Perl Compatible Regular Expressions

Character Classes

[<pattern>]: matches any single character inside the enclosing square brackets.
[<start>-<end>]: range
[^<pattern>]: negates the list

Note

Special characters (e.g., ., +, *) lose their meaning when placed in a character class

Note

Both - and ^ are context-sensitive. The - only acts as a range operator when it appears between two characters (e.g., [a-z]). If it’s placed at the very beginning or very end of the brackets (e.g., [-az] or [az-]), or if it’s escaped with a backslash (e.g., [a\-z]), regex treats it as a literal hyphen character, not a range. The ^ only negates the entire class when it appears as the first character inside the brackets (e.g., [^abc]). If ^ appears anywhere else inside the brackets (e.g., [a^bc]), it is treated as a literal caret character and is simply included as one of the characters to match.

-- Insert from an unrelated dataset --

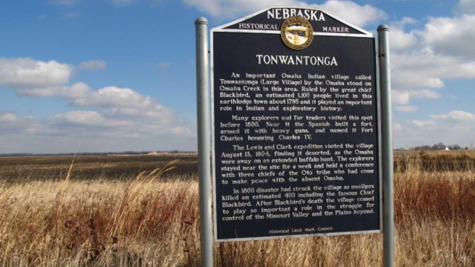 Located near present-day Homer, Nebraska, the Omaha Big Village was founded circa-1775. The Omaha Tribe thrived under Chief Blackbird, controlling the fur trade on the Upper Missouri River. By 1795, their village had grown to approximately 1,100 people. That same year, James Mackay established a nearby fur trading post for the Spanish, known as Fort Charles. (Although the post operated for only a few years, Clark mapped its location in 1804, indicating that remnants remained intact.) By 1800, a smallpox epidemic killed approximately one-third of the tribe’s population, including Chief Blackbird. The diminished village was occupied until 1845. The Omaha Big Village archeological site is located on private property, with restricted public access, but may be publicly viewed from a pull-off along US-75.

Shorthand Character Classes

The lowercase version matches something, and the uppercase version matches the exact opposite (its complement):

Notation	Description
`\d`	Any digit (same as `[0-9]`)
`\D`	Any non-digit
`\w`	Any alphanumeric (letters, digits) or `_`
`\W`	Neither alphanumeric nor `_`
`\s`	Any whitespace (space, tab, newline)
`\S`	Not whitespace

Alternation

<pattern>|<pattern>: matches the pattern to its the left or the pattern to its the right

Note

Alternation applies to whole subpatterns, so group when needed (e.g., foo|barbaz matches foo or barbaz, while (foo|bar)baz matches foobaz or barbaz)

Wildcards

Notation	Description
`.`	Matches to any character
`?`	Optional previous (i.e., 0 or 1 of previous)
`*`	0 or more of previous
`+`	1 or more of previous
`{n}`	Exactly `n` of previous
`{n,}`	`n` or more of previous
`{n, m}`	Between `n` and `m` times of previous

Note

To match it literally, escape it (i.e., \<wildcard>).

Note

By default, quantifiers are greedy (i.e., they match as much as possible). Append ? to make them lazy (i.e., match as little as possible): *?, +?, ??, {n, m}?.

Anchors

^: anchors the match to the start of the string (or start of the line in multiline mode)
$: anchors the match to the end of the string (or end of the line in multiline mode)
\b: word boundary (i.e., matches the position between a \w and a \W character (or the start/end of the string))
\B: non-word boundary (i.e., matches any position that \b does not)

Note

Using ^<pattern>$ forces the entire string to match the pattern, instead of letting the regex match a substring somewhere in the middle.

Groups and Backreferences

(<pattern>): capturing group (i.e., records what was matched); referenced by position with \1, \2, … (within the pattern) or $1, $2, … (in a replacement string)
(?:<pattern>): non-capturing group (i.e., groups without recording); preferred when you don’t need a backreference, as it keeps group numbering cleaner
(?<name><pattern>): named capturing group; referenced with \k<name> within the pattern

Note

(\w+) \1 matches a repeated word like hello hello, because \1 must match whatever (\w+) captured.

Lookarounds

Lookarounds are zero-width assertions, which means they check for a pattern at the current position without consuming any characters.

(?=<pattern>): positive lookahead (i.e., matches if pattern follows)
(?!<pattern>): negative lookahead (i.e., matches if pattern does not follow)
(?<=<pattern>): positive lookbehind (i.e., matches if pattern precedes)
(?<!<pattern>): negative lookbehind (i.e., matches if pattern does not precede)

Note

\d+(?= dollars) matches the number in 100 dollars but not in 100 euros — and the match is just 100, not 100 dollars, since the lookahead doesn’t consume characters.

Note

Lookbehind patterns in PCRE must be fixed-width (you can’t use * or + inside them). Lookaheads have no such restriction.